The servers drive me nuts. Always complaining about something. So I set out late last year to make my life easier. A few minutes ago I launched the project that I call ClusterF. dNeero.com is now running on it and, knock on wood, all seems to be ok.
Things get hairy when your site outgrows its first web server. To scale you start to run it on two servers. This is called clustering. It sounds simple, but it isn't. When a website visitor goes to one of the servers any data they change needs to be visible to website visitors on the other server. So there's a system that synchronizes data between the machines.
Then two servers becomes three, becomes four, etc. Before you know it things are complex and tedious. And, believe me, I design for dead simplicity. I'd rather write 10,000 lines of code than do something manually each time I want to deploy a new build, for example. But complexity creeps in.
My solution was to build my own little Tomcat provisioning system. My design goal was to be able to add a new server to the cluster in two minutes or less. Put a single file onto the server, double click to install, provision the instance and you're up and running. In tests I was able to do two minutes but in production it makes sense to check everything you do so it's realistically more like five minutes to set up a server. Not bad considering that it used to be around an hour... and at that I considered my processes fairly lightweight.
Here's how it works. I install ClusterF onto each server in the cluster. ClusterF includes clean copies of Tomcat and a Java JDK. Using a GUI (set of screens with buttons... a desktop application) I can control any of the servers in the cluster. I can, for example, create a new Tomcat instance.
To create a new Tomcat instance ClusterF copies the clean Tomcat into a deploy directory. It then uses a Java wrapper to make it executable as a service on Windows or Linux... this is done by copying four or five files into the instance's Tomcat directory and editing some config files... all automatically. Next, ClusterF configures Tomcat's server.xml file so that it'll cluster sessions with other instances... or create itself as a separate cluster if so chosen in the GUI.
Once the instances are up and running I can define an App. An App has a set of config properties like database connection strings, etc. I can configure these properties centrally and then ClusterF will make sure they're available as a properties bundle each time an instance is run. I can run multiple Apps per instance by choosing different root directories in the GUI.
Using the GUI I associate Apps to instances, saying essentially that I want App X to run on Servers 1, 2 and 5. I can then deploy a WAR file. ClusterF allows me to choose the WAR file centrally and then it distributes it to the cluster. This was actually quite tricky. I'm clustering using JGroups. I had to break the file into little chunks and send each one as a separate part. JGroups doesn't (yet) handle big payloads well. On the other side I re-assemble the file and process it. Of course, I have to have error checking (MD5 checksum), receipt management, versioning, etc to make sure that the WAR deploys properly.
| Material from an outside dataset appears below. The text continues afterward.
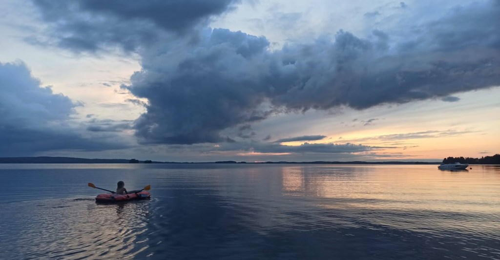 Viikonloppu tuntui kesältä, kun vietimme mökillä laatuaikaa yhdeksän hengen joukkueella. Lapset uivat ja soutelivat kumiveneellä.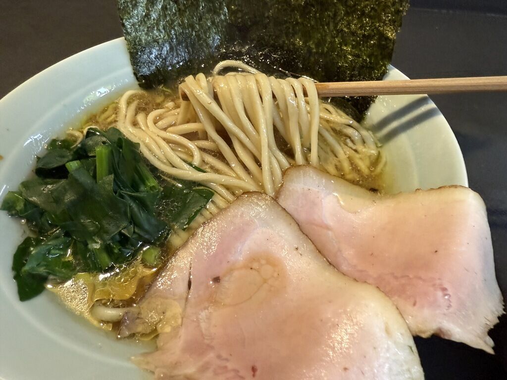 スープは非乳化のさらりとした鶏豚骨醤油味。白楽「NATURAL TASTE」の濃い豚骨スープともまったく異なりますね。鶏油の香りが香ばしいです。醤油タレを立たせず鶏豚スープの旨みを前面に出す構成。さらっと軽い口当たりですが、無化調無添と信じられないほどしっかりとした肉と骨と髄の旨みがあります。直系とも最新型超濃厚家系とも鶏だけの家系とも異なるオリジナルな(邪道な!?)味わいで、これは美味しい!

ClusterF allows me to start/stop all instances running an app with a single button click. And it's cluster smart... meaning that it'll start one instance and give it a 60 second head start so that it'll establish itself as the primary controller in the cluster... then it'll start other instances.
So far I've saved myself time setting up Tomcat instances, managing config files and deploying builds. The last thing I wanted to save time with was restarting app servers.
I built a monitoring system into ClusterF. Each instance pings the others in the cluster periodically to make sure they're up. If they're not, ClusterF can restart them automatically, after set periods of time, etc. I'm essentially trying to make the system self-healing when things like out of memory errors happen.
When things go down I get cell phone pings and emails. I want to be informed, of course, but my hope is that I'll be able to watch ClusterF work through the issue itself from afar. Every now and then I'm sure I'll have to intervene.
ClusterF is a remote control for Tomcat instances. I didn't want Tomcat instances to ever run inside of ClusterF's runtime. Doing so would have introduced another level of possible failure on top of Tomcat. I didn't want that. The Tomcats and ClusterF run independently of each other. If ClusterF goes down I lose some monitoring and self-recovery capability but the Apps stay up. They're decoupled.
Work on ClusterF was always secondary. I got a few hours here and a few hours there for a couple months in Dec 07/Jan 08. Then I got pulled away with other things. A couple weeks ago, with the servers being a pain in the ass, I decided to revive ClusterF. Tonight I finally got it up and running.
Of course, we all know that when I release something it's virtually guaranteed that I'll spend the next 24-48 hours cussing up a storm as it hits the fan. We'll see how this one goes.
Plans for the future of ClusterF? I'll add stuff as I need it. More robust page checking would be nice... the ability to specify a URL and define a string that must come back or else it's defined as a fail. The GUI sucks, but works... I could use some cleaning up there. I'd also like to build a web interface. To do so I'll use NanoHTTPD and write simple pages that have basic status reporting and controls (start, stop, disable, etc.)
The name ClusterF? It's software that makes clustering possible. I can't remember what the F stands for... oh, wait... yes I can. At startup: "Now we're F'd."